TASK TO CARRY OUT
In the entries below, find the line with "Pink nest by" and the line with "Dalibor Chatrný’s 25", then retype both and everything between them exactly. Do not copy the pictures.

RECORDS SHOWN
Start of Block

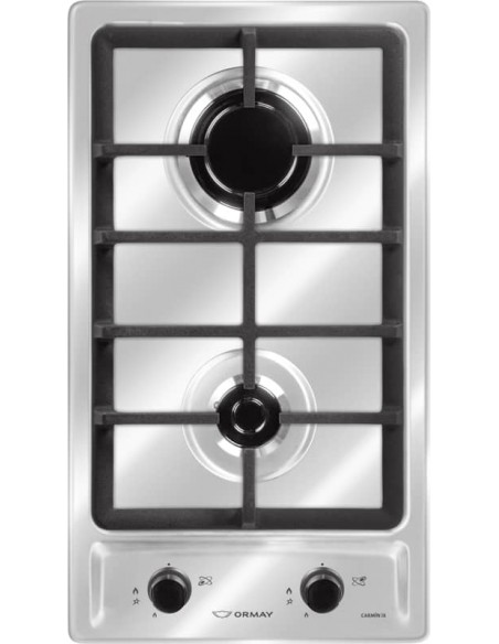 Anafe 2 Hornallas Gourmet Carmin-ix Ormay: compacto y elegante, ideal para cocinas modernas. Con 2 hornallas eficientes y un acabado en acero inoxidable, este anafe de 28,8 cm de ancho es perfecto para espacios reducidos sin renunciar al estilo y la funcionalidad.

End of Block
Start of Block

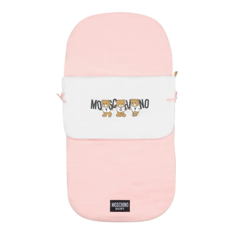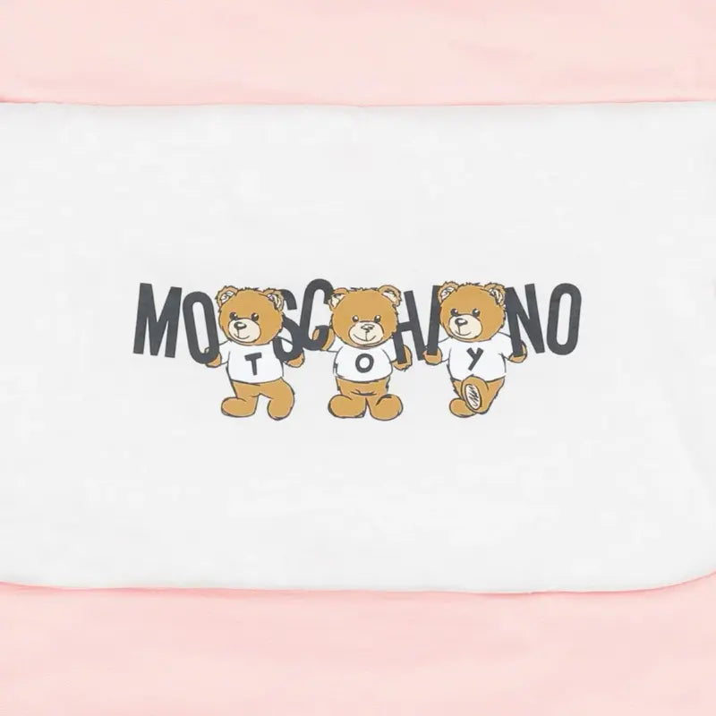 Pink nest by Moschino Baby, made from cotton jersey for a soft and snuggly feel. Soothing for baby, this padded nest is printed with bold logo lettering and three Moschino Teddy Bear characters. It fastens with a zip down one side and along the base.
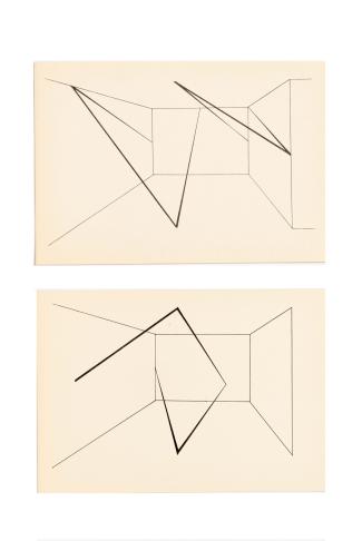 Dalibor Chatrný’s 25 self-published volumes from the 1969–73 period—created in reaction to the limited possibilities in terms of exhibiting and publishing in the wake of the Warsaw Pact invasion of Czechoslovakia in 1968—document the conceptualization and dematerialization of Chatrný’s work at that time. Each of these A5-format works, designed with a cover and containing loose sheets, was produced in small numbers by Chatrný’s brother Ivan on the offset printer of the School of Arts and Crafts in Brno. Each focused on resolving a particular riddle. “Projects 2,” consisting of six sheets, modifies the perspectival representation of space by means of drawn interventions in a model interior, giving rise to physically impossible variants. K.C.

End of Block

THE COMPLETED TASK
 Pink nest by Moschino Baby, made from cotton jersey for a soft and snuggly feel. Soothing for baby, this padded nest is printed with bold logo lettering and three Moschino Teddy Bear characters. It fastens with a zip down one side and along the base.
 Dalibor Chatrný’s 25 self-published volumes from the 1969–73 period—created in reaction to the limited possibilities in terms of exhibiting and publishing in the wake of the Warsaw Pact invasion of Czechoslovakia in 1968—document the conceptualization and dematerialization of Chatrný’s work at that time. Each of these A5-format works, designed with a cover and containing loose sheets, was produced in small numbers by Chatrný’s brother Ivan on the offset printer of the School of Arts and Crafts in Brno. Each focused on resolving a particular riddle. “Projects 2,” consisting of six sheets, modifies the perspectival representation of space by means of drawn interventions in a model interior, giving rise to physically impossible variants. K.C.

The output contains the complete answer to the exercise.